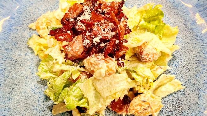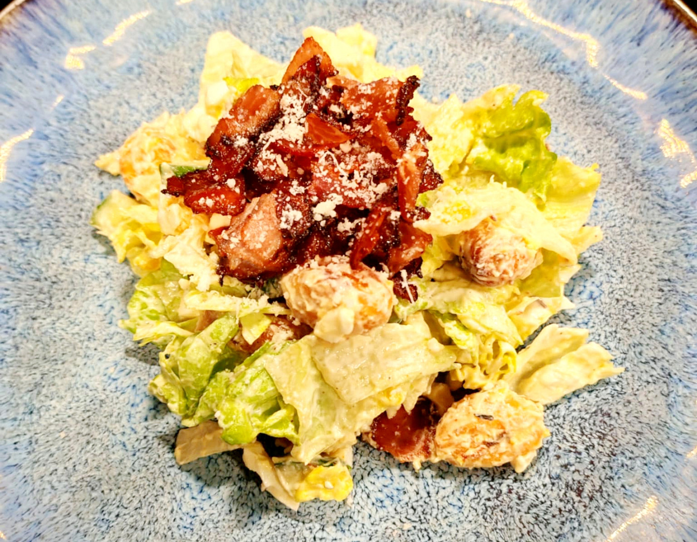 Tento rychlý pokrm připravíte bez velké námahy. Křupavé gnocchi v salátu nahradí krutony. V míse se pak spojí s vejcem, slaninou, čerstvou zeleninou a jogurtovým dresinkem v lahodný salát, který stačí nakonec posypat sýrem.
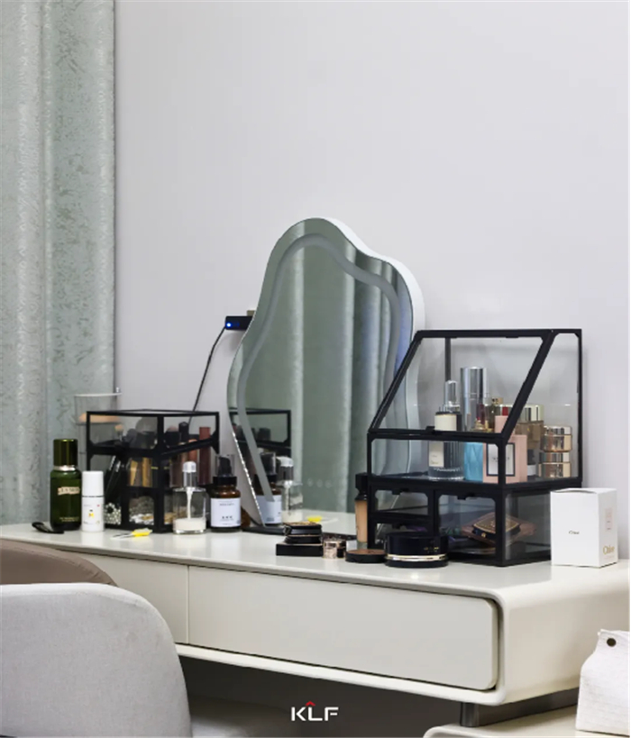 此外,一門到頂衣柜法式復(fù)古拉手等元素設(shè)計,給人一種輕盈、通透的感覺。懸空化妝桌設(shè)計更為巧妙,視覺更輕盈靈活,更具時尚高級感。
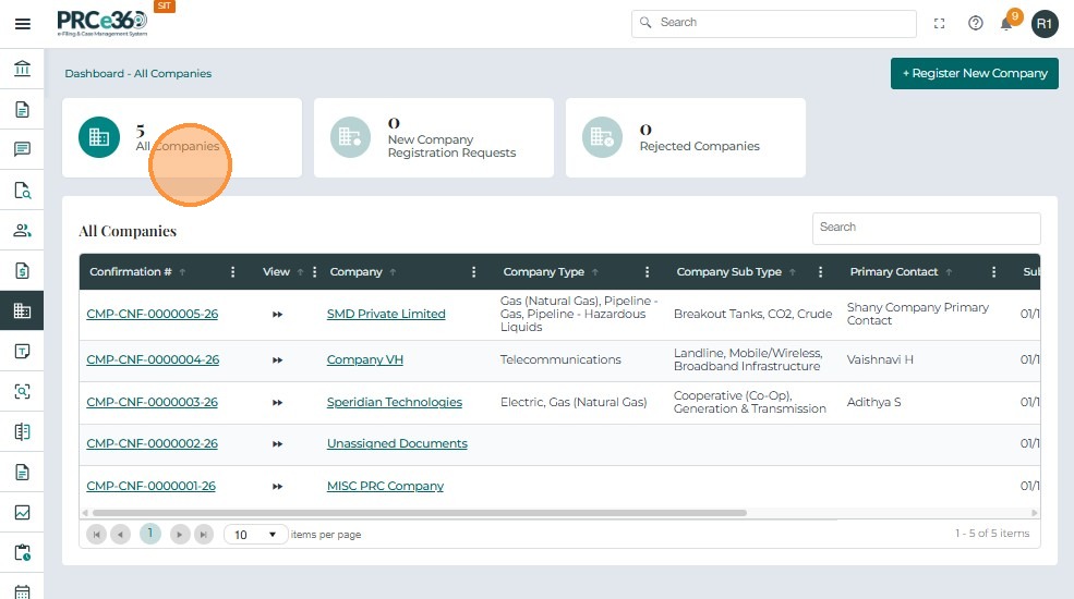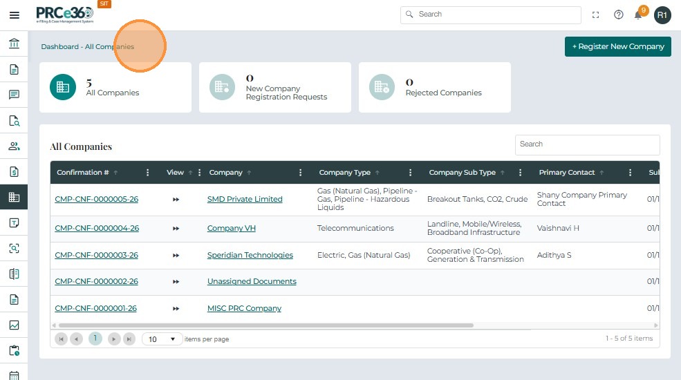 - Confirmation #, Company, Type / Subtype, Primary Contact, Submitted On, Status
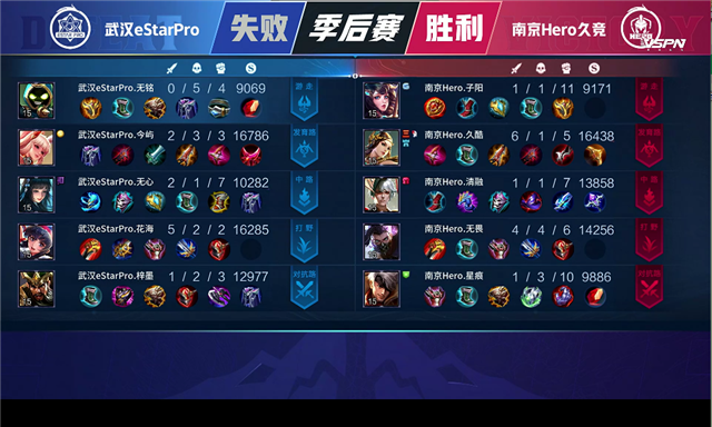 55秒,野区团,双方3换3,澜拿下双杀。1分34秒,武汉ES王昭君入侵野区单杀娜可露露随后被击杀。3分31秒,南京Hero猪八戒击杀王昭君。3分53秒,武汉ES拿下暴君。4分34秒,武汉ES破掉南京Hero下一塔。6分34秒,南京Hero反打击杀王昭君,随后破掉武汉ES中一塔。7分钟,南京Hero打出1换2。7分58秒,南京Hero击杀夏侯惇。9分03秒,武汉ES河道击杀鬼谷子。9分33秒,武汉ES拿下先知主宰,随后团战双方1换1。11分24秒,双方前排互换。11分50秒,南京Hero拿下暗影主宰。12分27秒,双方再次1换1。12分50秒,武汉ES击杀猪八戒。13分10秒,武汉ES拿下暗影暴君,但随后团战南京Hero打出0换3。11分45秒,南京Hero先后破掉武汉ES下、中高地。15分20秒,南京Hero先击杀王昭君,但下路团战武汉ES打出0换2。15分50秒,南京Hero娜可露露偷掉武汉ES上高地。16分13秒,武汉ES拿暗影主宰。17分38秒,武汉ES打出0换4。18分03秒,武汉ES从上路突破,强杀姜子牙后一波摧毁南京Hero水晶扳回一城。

TASK DETAILS:
The response should be the full material, repeated exactly, with images removed.

EXPECTED ANSWER:
 Tento rychlý pokrm připravíte bez velké námahy. Křupavé gnocchi v salátu nahradí krutony. V míse se pak spojí s vejcem, slaninou, čerstvou zeleninou a jogurtovým dresinkem v lahodný salát, který stačí nakonec posypat sýrem.
 此外,一門到頂衣柜法式復(fù)古拉手等元素設(shè)計,給人一種輕盈、通透的感覺。懸空化妝桌設(shè)計更為巧妙,視覺更輕盈靈活,更具時尚高級感。
 - Confirmation #, Company, Type / Subtype, Primary Contact, Submitted On, Status
 55秒,野区团,双方3换3,澜拿下双杀。1分34秒,武汉ES王昭君入侵野区单杀娜可露露随后被击杀。3分31秒,南京Hero猪八戒击杀王昭君。3分53秒,武汉ES拿下暴君。4分34秒,武汉ES破掉南京Hero下一塔。6分34秒,南京Hero反打击杀王昭君,随后破掉武汉ES中一塔。7分钟,南京Hero打出1换2。7分58秒,南京Hero击杀夏侯惇。9分03秒,武汉ES河道击杀鬼谷子。9分33秒,武汉ES拿下先知主宰,随后团战双方1换1。11分24秒,双方前排互换。11分50秒,南京Hero拿下暗影主宰。12分27秒,双方再次1换1。12分50秒,武汉ES击杀猪八戒。13分10秒,武汉ES拿下暗影暴君,但随后团战南京Hero打出0换3。11分45秒,南京Hero先后破掉武汉ES下、中高地。15分20秒,南京Hero先击杀王昭君,但下路团战武汉ES打出0换2。15分50秒,南京Hero娜可露露偷掉武汉ES上高地。16分13秒,武汉ES拿暗影主宰。17分38秒,武汉ES打出0换4。18分03秒,武汉ES从上路突破,强杀姜子牙后一波摧毁南京Hero水晶扳回一城。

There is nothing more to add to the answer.